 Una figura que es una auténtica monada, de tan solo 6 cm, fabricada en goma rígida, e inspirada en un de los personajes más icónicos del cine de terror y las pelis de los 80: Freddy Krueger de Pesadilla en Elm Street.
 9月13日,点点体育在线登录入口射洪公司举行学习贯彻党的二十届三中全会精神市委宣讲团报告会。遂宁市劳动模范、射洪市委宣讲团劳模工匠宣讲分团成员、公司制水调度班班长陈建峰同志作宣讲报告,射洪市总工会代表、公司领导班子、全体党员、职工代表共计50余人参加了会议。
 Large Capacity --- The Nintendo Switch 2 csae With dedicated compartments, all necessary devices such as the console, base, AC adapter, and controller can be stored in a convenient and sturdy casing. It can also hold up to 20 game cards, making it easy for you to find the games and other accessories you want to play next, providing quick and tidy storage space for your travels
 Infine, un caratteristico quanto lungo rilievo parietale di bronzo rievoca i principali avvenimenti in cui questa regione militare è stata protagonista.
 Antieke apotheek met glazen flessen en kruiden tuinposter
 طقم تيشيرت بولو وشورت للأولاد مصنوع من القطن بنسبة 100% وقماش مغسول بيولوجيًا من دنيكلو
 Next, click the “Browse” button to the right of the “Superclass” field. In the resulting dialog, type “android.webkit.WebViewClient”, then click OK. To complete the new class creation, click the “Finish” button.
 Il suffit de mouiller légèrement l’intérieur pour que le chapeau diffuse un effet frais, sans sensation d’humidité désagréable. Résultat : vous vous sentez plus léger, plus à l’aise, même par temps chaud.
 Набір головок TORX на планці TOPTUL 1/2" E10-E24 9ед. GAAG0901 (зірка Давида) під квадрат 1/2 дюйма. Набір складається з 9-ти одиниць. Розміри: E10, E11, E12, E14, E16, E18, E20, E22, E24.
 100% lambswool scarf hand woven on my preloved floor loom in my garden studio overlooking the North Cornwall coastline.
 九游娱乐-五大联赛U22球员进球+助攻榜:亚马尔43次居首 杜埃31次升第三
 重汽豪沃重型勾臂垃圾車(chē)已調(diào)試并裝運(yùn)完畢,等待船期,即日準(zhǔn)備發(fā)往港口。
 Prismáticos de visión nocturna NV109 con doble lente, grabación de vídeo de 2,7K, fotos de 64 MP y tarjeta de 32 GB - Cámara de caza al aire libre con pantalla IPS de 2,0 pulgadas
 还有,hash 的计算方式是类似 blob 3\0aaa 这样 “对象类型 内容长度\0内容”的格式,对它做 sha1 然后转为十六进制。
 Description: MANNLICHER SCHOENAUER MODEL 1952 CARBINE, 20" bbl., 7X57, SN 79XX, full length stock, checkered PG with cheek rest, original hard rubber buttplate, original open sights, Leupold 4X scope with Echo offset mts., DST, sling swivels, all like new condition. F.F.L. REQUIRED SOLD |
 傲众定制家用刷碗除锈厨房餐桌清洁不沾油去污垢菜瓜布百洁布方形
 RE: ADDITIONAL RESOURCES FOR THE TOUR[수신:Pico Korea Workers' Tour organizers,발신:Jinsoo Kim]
^^^^^^^^
◆ ACTIVITY: In the listing above, reproduce the first line and each one after it through the line that contains "9月13日,点点体育在线登录".

◆ WRITTEN ANSWER:
 Una figura que es una auténtica monada, de tan solo 6 cm, fabricada en goma rígida, e inspirada en un de los personajes más icónicos del cine de terror y las pelis de los 80: Freddy Krueger de Pesadilla en Elm Street.
 9月13日,点点体育在线登录入口射洪公司举行学习贯彻党的二十届三中全会精神市委宣讲团报告会。遂宁市劳动模范、射洪市委宣讲团劳模工匠宣讲分团成员、公司制水调度班班长陈建峰同志作宣讲报告,射洪市总工会代表、公司领导班子、全体党员、职工代表共计50余人参加了会议。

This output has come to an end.